Ha! I hadn't thought of that.
Doe this mean that if a Nao wearer is running towards me, (say 50m away) I can accidentally hurt him twice? First by shining a thrower at him and secondly by shutting down his own light?

I suspect it wouldn't be all that bad.

Something I did wonder when I was watching the video, is how the auto adjust would work since 

A. No light coming in the sensor can mean: 
1. It's very dark and I only need a tiny bit of light to see.
2. I'm looking into a void and I want full power.

B. Lots of light in the sensor can mean:
1. I'm looking at a map and it's all reflecting so the power needs to go down.
2. The sun is going up/down so there's still a bit of ambient light ruining my night vision - so I need full power to see where I'm running.

I suspect all these issues will be sorted by the choice in UIs. You really need to give choice when you start going fancy like this.


----------



## borrower (Jan 20, 2012)

ahorton said:


> borrower, no the V3 doesn't have this. I could do it by using a tilt switch on one pin of the uC, but I doubt it would be a good feature. I got so many complaints over my previous 'Intelligent UI' that this sort of thing would drive people nuts. Most users just want a few simple modes.

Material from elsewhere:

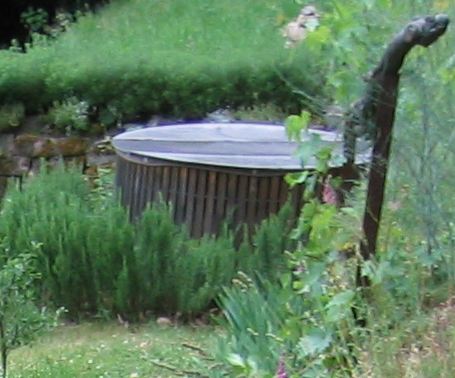 Schau mal, das ist eines meiner 2000-Liter-Fässern. Das Wasser muss im Winter nicht abgelassen werden. Ich habe diese Fässer von der Firma Beckmann.

I was joking... and I agree that most people want simple, predictable modes. This one will be interesting to see in real-world use.


----------



## gcbryan (Jan 20, 2012)

I think this is an interesting product but it's ridiculous at the same time 

It looks like you can't hold your head up when you walk on a trail. You have to hold your head slightly down otherwise you get a spot beam and can't see where you are walking. In the photos they magically have local light when the hiker holds his head up but it doesn't appear to come from the headlamp.

It seems to be optimized for a high level of brightness in general because "that's what you need at night"?

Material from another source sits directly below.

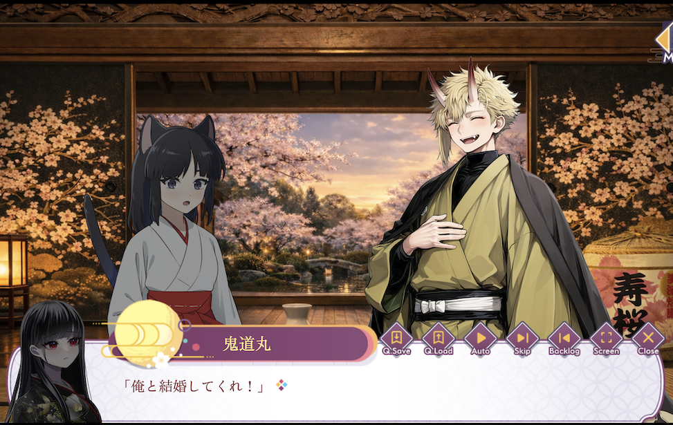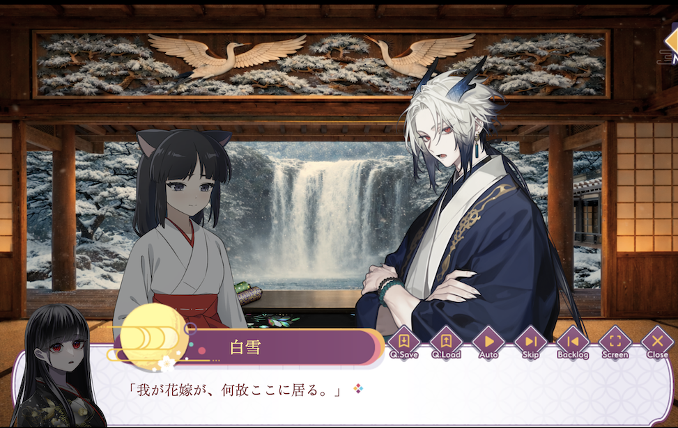 妖怪と花札をテーマにした日本昔話風乙女ゲーム(異類婚姻譚)です。花札のミニゲームがあります。*PG12相当のホラー・ヤンデレ表現含みます!*祟りを鎮めるために土地神の生贄に差し出された主人公(名前変換可)が、黒猫の助けを借りて妖怪との花札勝負に挑みます。

Why is it better to have to charge your battery with a computer (USB)? This will be as annoying as my cell phone trying to guess what word I'm starting to text so it can "help" me out.

It looks like every time you move your head up or down the light will be changing...flood..no spot...no flood. Annoying.

It's like the keyless door lock pads on some cars a few years ago. It's a solution in search of a problem. It's much better to have intuitive manual control of more variables...easy to switch from spot to flood or to have both with variable output adjustment.

It satisfies a certain gearhead desire I'll admit but programming and charging on a computer rather than having intuitive options on the unit itself would be a nonstarter for me.

The real purpose in all the gadgetry is to justify a higher price/profit margin and to push Petzl software across the entire product line.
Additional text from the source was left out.